**TASK GOAL**
Everything from the line with "L’activité propose un" down to the line with "Znížený dvojstĺpový zdvihák" below must be printed exactly, those two lines included. Exclude pictures.

**DATA SHOWN**
● ● ● ● ●

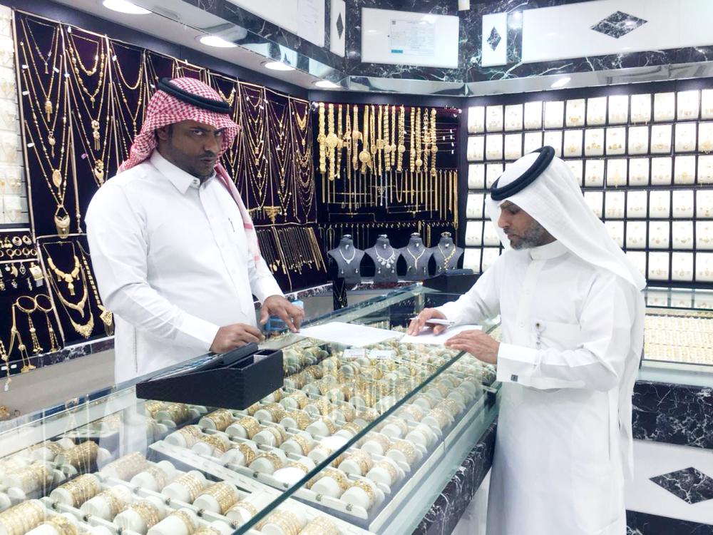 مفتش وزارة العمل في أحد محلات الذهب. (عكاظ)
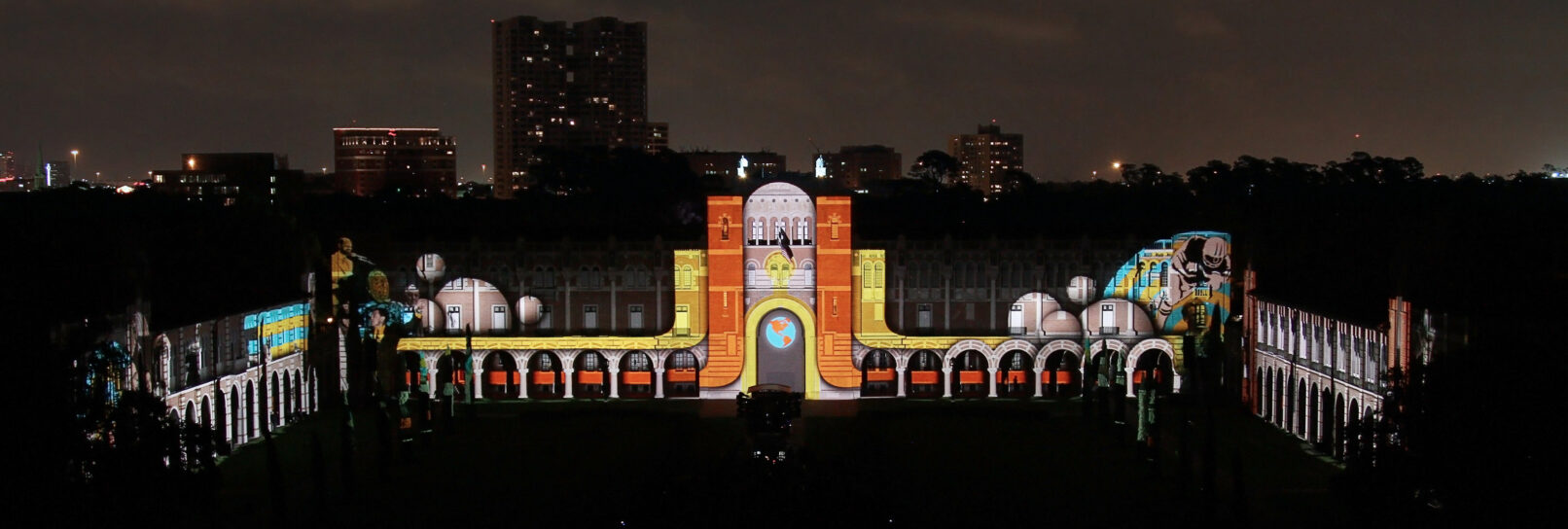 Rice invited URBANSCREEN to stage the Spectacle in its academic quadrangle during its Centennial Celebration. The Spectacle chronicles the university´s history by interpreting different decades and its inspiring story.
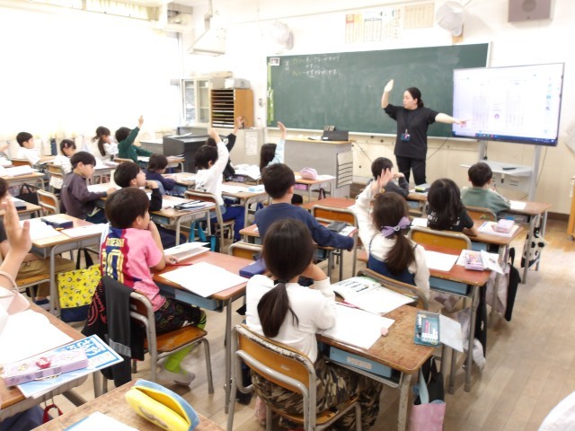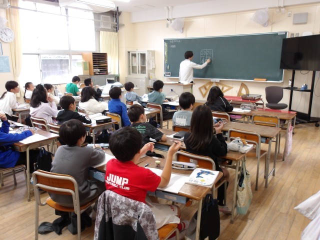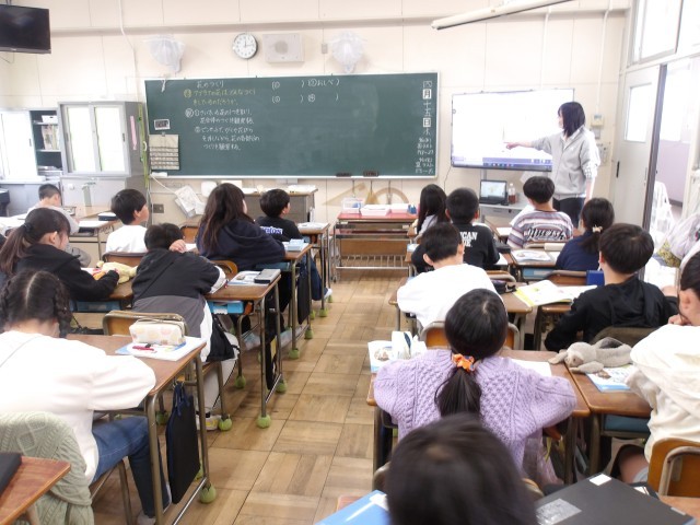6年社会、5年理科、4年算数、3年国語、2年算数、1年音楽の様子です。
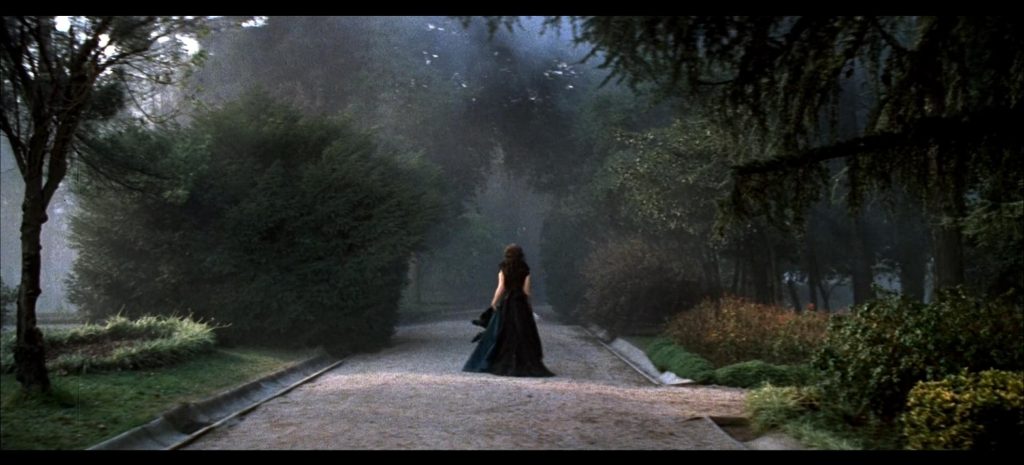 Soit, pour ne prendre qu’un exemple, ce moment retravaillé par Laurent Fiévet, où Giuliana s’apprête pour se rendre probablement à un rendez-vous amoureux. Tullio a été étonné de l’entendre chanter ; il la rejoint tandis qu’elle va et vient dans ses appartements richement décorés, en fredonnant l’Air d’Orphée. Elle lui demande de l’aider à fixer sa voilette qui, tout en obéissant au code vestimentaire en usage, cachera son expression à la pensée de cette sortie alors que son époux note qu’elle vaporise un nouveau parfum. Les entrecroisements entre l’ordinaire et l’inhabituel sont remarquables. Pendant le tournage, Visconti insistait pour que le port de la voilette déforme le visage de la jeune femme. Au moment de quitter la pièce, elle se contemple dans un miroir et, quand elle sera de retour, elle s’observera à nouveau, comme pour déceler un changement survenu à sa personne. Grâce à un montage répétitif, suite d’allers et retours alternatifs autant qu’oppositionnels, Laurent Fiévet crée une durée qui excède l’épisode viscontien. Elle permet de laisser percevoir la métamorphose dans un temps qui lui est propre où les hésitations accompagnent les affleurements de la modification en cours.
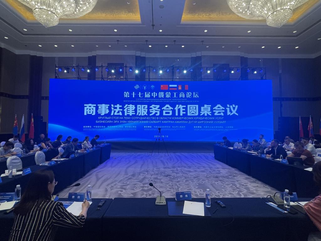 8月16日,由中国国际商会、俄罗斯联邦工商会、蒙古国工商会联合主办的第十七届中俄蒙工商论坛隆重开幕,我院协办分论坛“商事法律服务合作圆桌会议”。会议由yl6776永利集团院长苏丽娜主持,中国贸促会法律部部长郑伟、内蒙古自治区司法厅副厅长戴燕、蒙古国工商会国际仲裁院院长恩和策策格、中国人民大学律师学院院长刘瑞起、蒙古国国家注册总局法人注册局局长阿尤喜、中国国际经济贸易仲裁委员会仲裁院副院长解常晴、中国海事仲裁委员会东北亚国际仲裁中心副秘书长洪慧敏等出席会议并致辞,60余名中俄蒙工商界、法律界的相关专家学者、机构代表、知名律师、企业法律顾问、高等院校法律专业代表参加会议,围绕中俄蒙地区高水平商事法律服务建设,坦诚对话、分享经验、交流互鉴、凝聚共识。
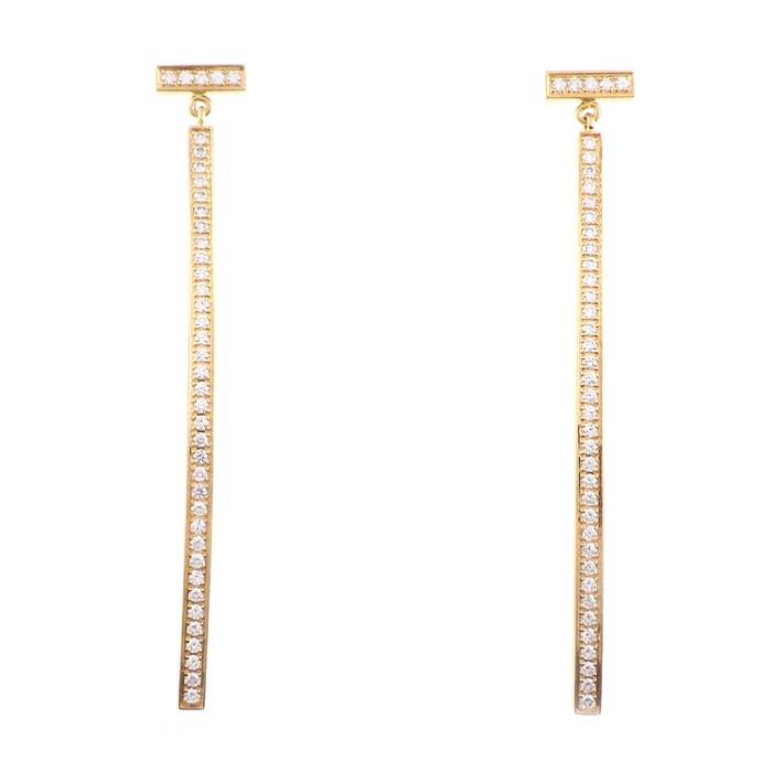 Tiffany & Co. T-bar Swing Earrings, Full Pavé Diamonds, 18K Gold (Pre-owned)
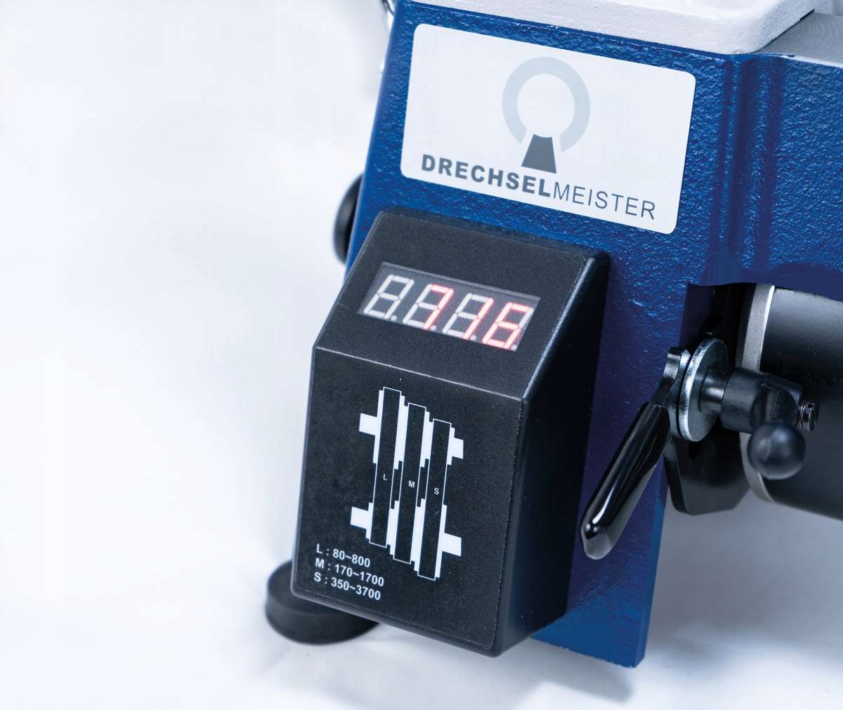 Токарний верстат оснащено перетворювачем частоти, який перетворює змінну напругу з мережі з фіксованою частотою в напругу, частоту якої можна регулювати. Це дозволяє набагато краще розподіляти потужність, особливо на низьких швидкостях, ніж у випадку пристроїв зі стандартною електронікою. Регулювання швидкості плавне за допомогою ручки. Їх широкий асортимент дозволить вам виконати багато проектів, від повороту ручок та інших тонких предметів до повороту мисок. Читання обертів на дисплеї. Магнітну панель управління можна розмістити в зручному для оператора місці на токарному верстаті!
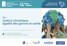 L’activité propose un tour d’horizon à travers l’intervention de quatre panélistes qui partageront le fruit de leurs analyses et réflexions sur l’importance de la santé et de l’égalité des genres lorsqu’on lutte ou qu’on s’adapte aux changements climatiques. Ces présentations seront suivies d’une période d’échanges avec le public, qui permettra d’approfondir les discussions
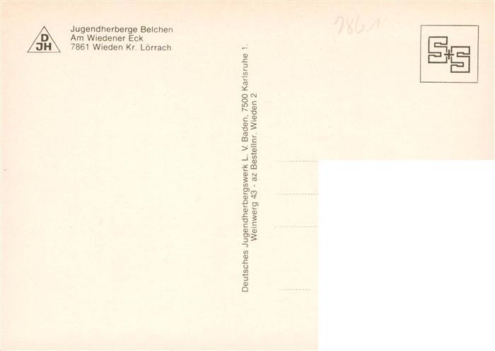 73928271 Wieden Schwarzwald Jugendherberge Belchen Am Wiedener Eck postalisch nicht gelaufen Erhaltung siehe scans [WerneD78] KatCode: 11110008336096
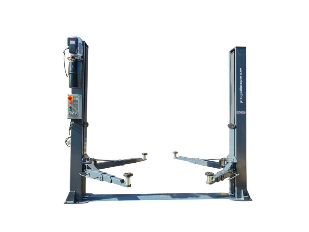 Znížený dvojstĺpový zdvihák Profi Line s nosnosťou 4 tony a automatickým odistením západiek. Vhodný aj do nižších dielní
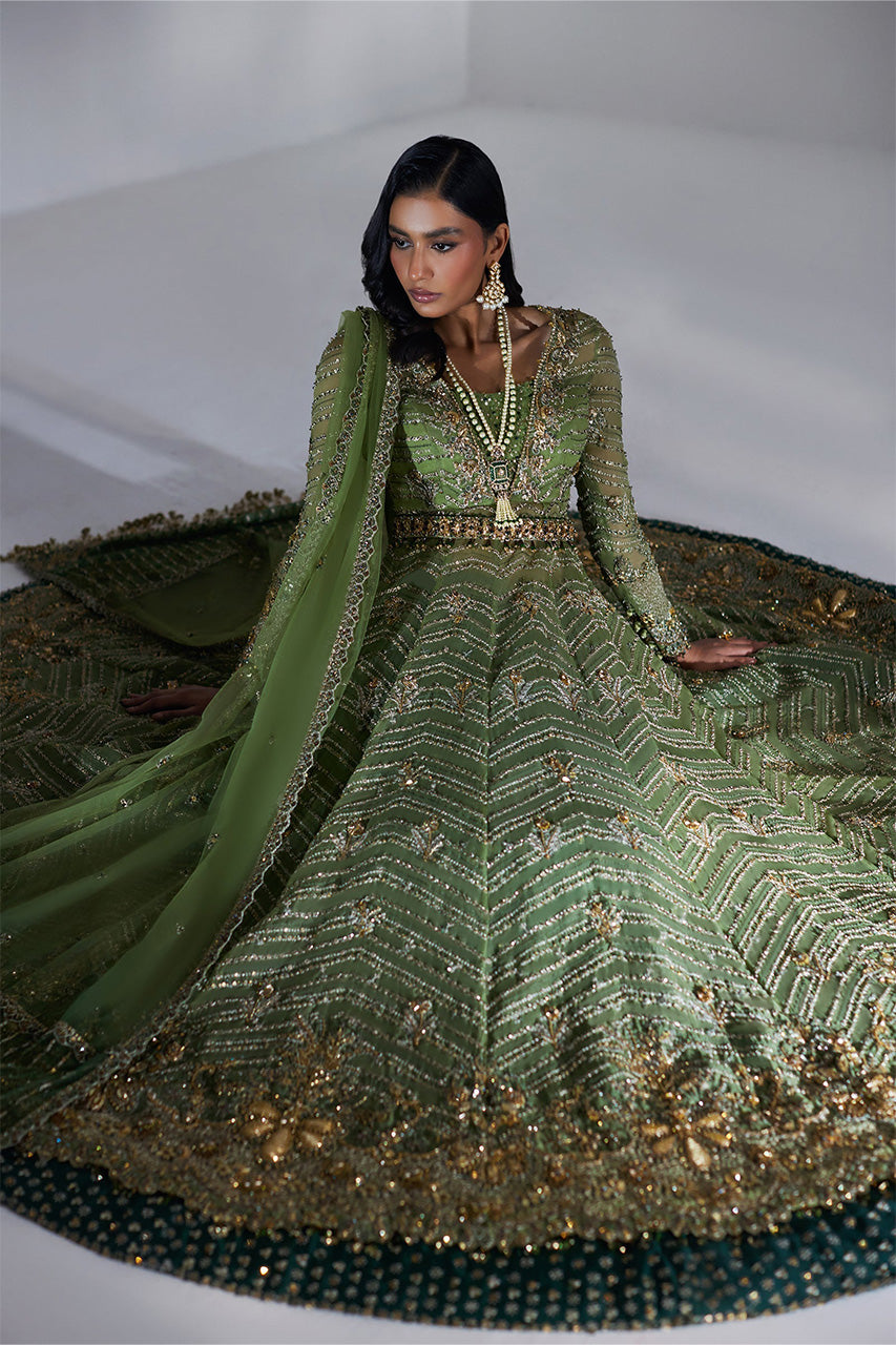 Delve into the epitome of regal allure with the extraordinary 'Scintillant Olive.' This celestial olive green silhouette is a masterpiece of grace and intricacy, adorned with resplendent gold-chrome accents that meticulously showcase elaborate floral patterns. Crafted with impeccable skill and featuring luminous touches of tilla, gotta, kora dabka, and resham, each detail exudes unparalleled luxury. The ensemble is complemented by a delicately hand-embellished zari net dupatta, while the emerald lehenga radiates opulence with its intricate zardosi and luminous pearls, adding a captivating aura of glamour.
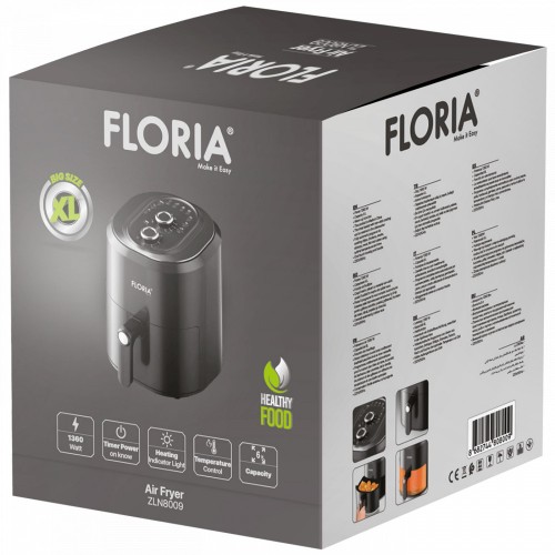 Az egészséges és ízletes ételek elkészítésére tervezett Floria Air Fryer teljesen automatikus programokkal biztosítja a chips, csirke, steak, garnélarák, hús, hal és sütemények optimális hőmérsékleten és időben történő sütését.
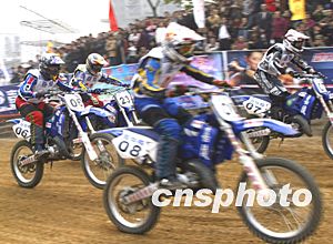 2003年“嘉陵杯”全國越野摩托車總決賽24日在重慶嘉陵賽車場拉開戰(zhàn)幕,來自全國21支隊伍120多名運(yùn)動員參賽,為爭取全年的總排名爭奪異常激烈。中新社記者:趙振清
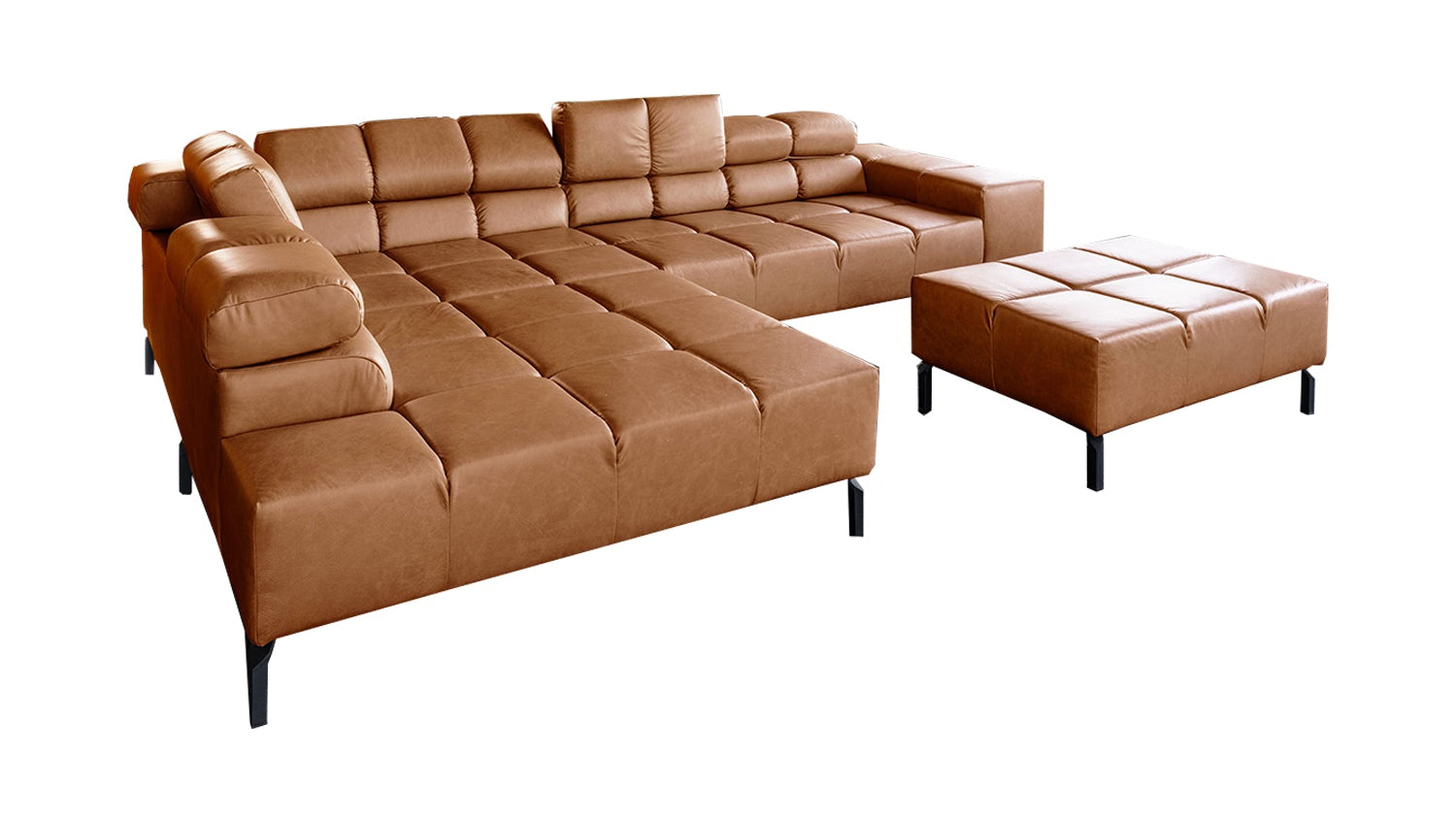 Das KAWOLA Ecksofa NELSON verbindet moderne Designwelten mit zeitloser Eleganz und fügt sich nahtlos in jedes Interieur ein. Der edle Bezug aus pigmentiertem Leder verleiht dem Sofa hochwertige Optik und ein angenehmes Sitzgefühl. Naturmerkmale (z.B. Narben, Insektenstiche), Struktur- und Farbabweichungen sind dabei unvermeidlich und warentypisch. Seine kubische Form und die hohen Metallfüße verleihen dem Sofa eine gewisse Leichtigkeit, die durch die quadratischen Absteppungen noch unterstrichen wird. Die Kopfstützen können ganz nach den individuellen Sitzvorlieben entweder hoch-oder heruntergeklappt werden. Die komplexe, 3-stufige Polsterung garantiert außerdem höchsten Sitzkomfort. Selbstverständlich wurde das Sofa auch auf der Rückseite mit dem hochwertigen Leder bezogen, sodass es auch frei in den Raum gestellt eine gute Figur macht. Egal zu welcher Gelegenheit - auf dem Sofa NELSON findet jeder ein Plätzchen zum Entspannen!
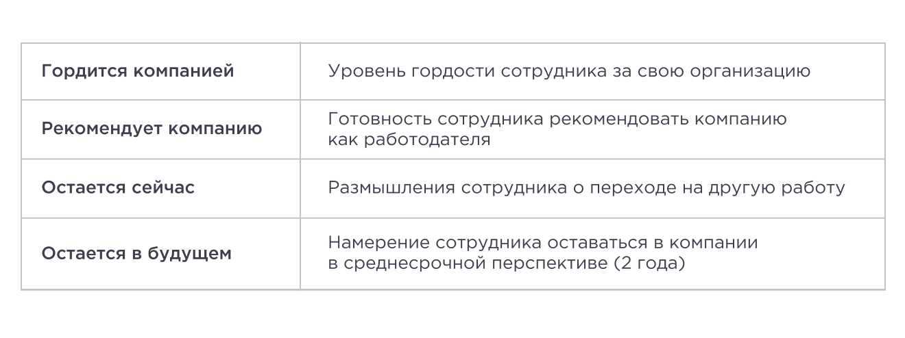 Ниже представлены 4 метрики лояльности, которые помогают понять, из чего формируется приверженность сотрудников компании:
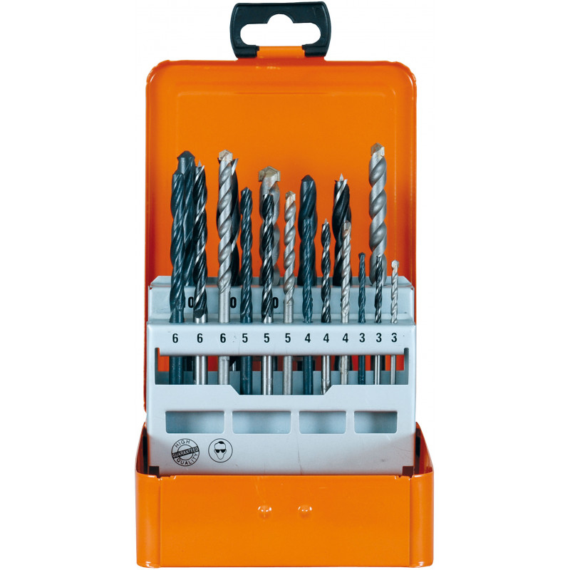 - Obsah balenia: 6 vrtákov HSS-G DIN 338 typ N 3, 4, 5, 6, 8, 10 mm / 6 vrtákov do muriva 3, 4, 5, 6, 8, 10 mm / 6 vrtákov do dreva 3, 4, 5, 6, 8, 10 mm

● ● ● ● ●

**EXERCISE RESPONSE**
 L’activité propose un tour d’horizon à travers l’intervention de quatre panélistes qui partageront le fruit de leurs analyses et réflexions sur l’importance de la santé et de l’égalité des genres lorsqu’on lutte ou qu’on s’adapte aux changements climatiques. Ces présentations seront suivies d’une période d’échanges avec le public, qui permettra d’approfondir les discussions
 73928271 Wieden Schwarzwald Jugendherberge Belchen Am Wiedener Eck postalisch nicht gelaufen Erhaltung siehe scans [WerneD78] KatCode: 11110008336096
 Znížený dvojstĺpový zdvihák Profi Line s nosnosťou 4 tony a automatickým odistením západiek. Vhodný aj do nižších dielní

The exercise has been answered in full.